Mass spectrometry is an important technique for the identification of pure compounds. However, it has some limitations for the analysis of complex mixtures, often due to excessive fragmentation making the spectrum too complicated to decipher. Mass spectrometry can be combined with suitable separation methods in sequence, forming hyphenated methods, which are useful in the analysis of complex mixtures.

GC–MS is a powerful hyphenated method commonly used in forensics and environmental laboratories for precise analysis of mixtures. Gas chromatography uses narrow capillary columns to separate components of a thermally stable volatile mixture and passes them to the mass spectrometer for analysis.

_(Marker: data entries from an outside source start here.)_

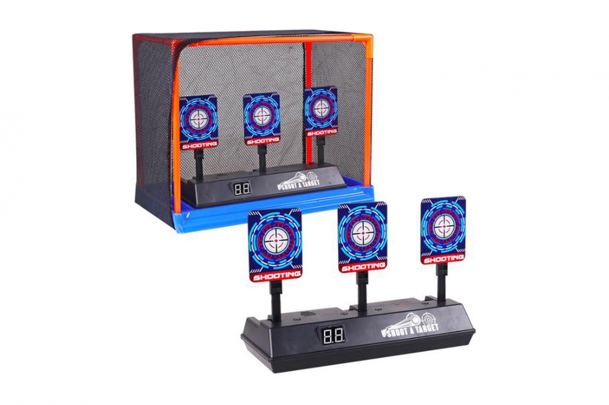 Digitální tréninkové terče, vybavené zvukovým modulem, světelnou signalizací a počítadlem skóre. 391.5gSize: 32 x 21 x26cmWith switch, sound, light and score indicatorUse 3*AA batteries
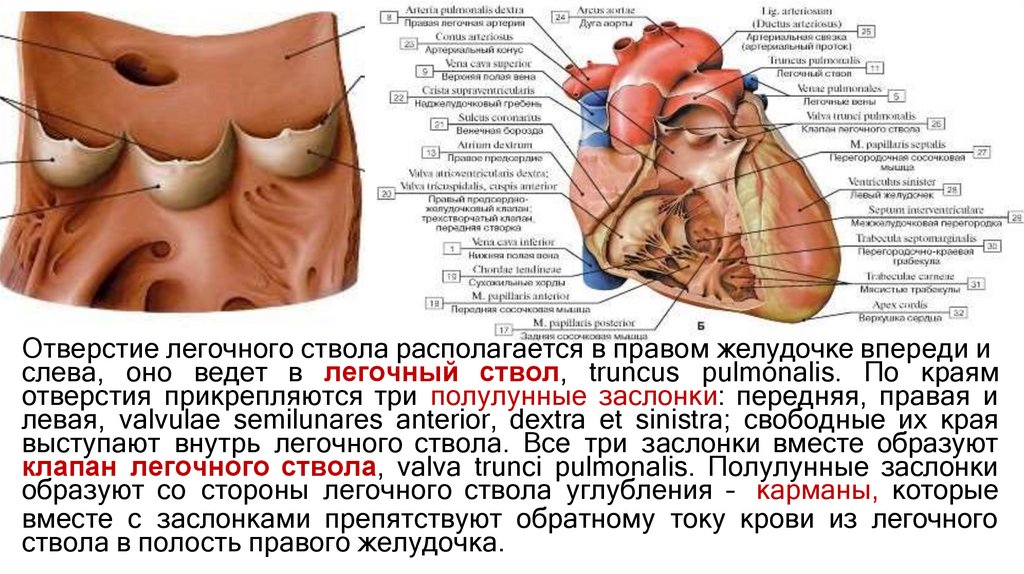 выталкивается в легочную артерию; меньшая часть крови течет в легкие, а
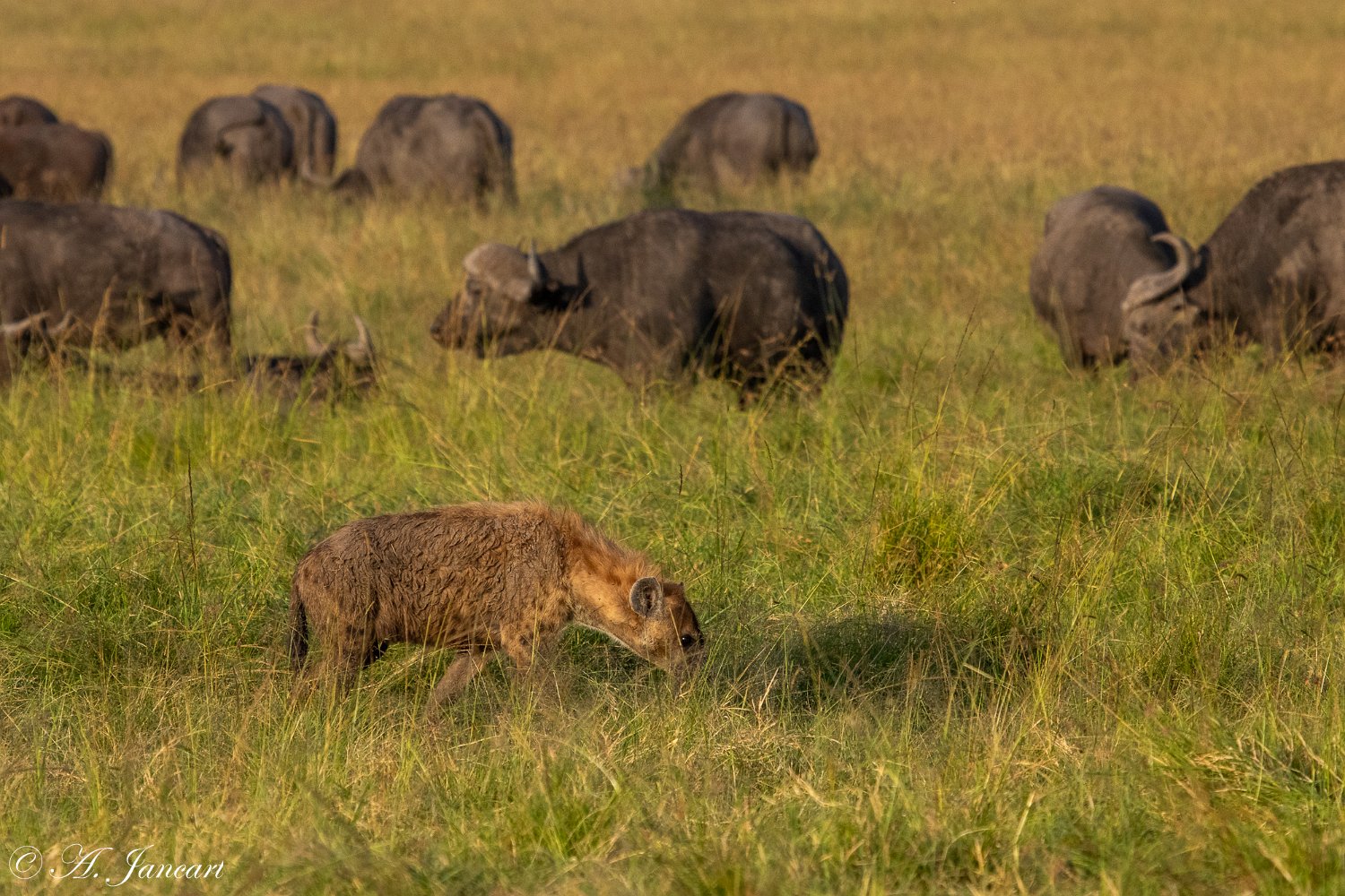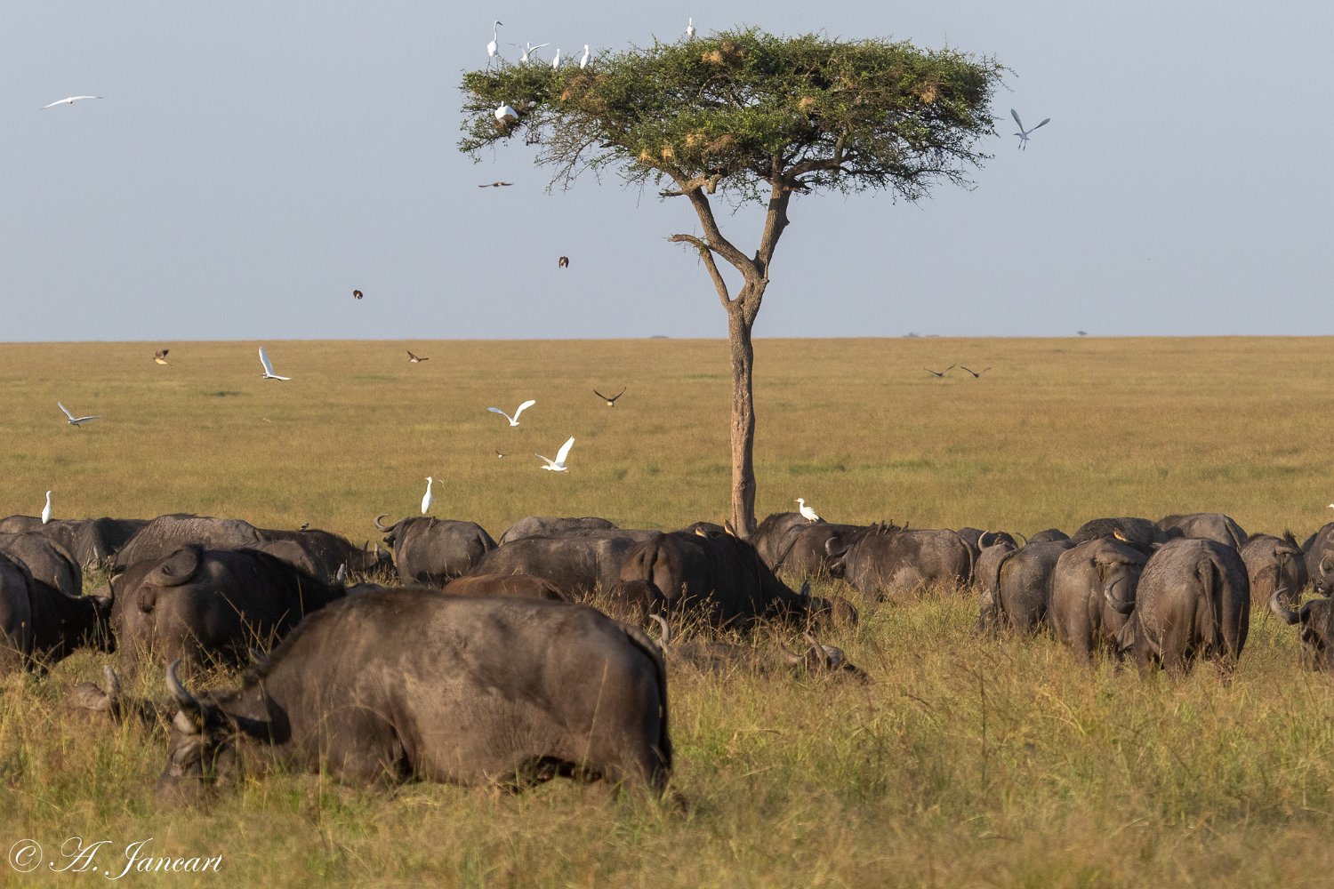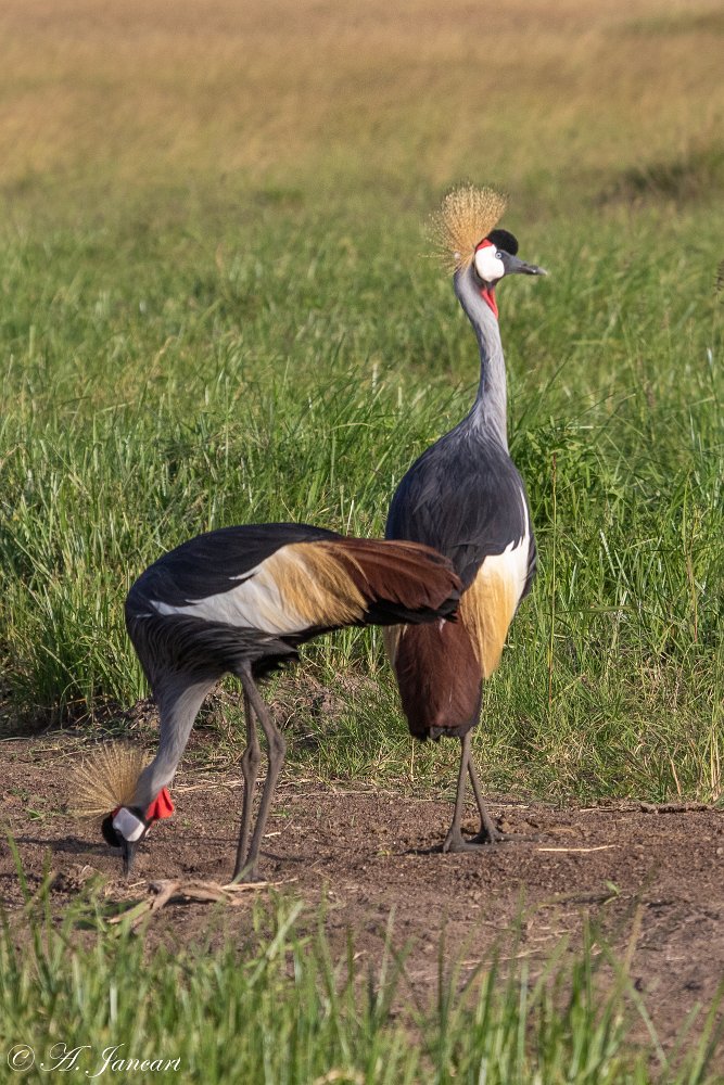 Cobra noir Cobra noir Vautour oricou Chacal à chabraque Zèbres de Grant Gazelle de Grant Gazelle de Grant Alouette Aigle pêcheur vocifère Alouette Grue royale Chacal à chabraque Buffles Buffle et hyène tachetée Hérons garde-boeufs Ombrette d'Afrique Buffles et hyène tachetée

LC–MS is another hyphenated method that couples liquid chromatography with a mass spectrometer to analyze nonvolatile mixtures. To make liquid chromatography compatible with a mass spectrometer, suitable pressure-maintaining ionization interfaces or atmospheric-pressure ionization techniques like electrospray ionization, which is applicable for polar and ionic compounds, or atmospheric-pressure chemical ionization, which applies to less polar molecules, are used.

Another hybrid method, called tandem mass spectroscopy, uses multiple mass analyzers in sequence. Compared to other hyphenated methods, tandem spectroscopy is faster, more sensitive, and more selective due to smaller chemical noise. Tandem spectroscopy can be further combined with separation techniques to form GC–MS/MS or LC–MS/MS for more complex mixture analysis.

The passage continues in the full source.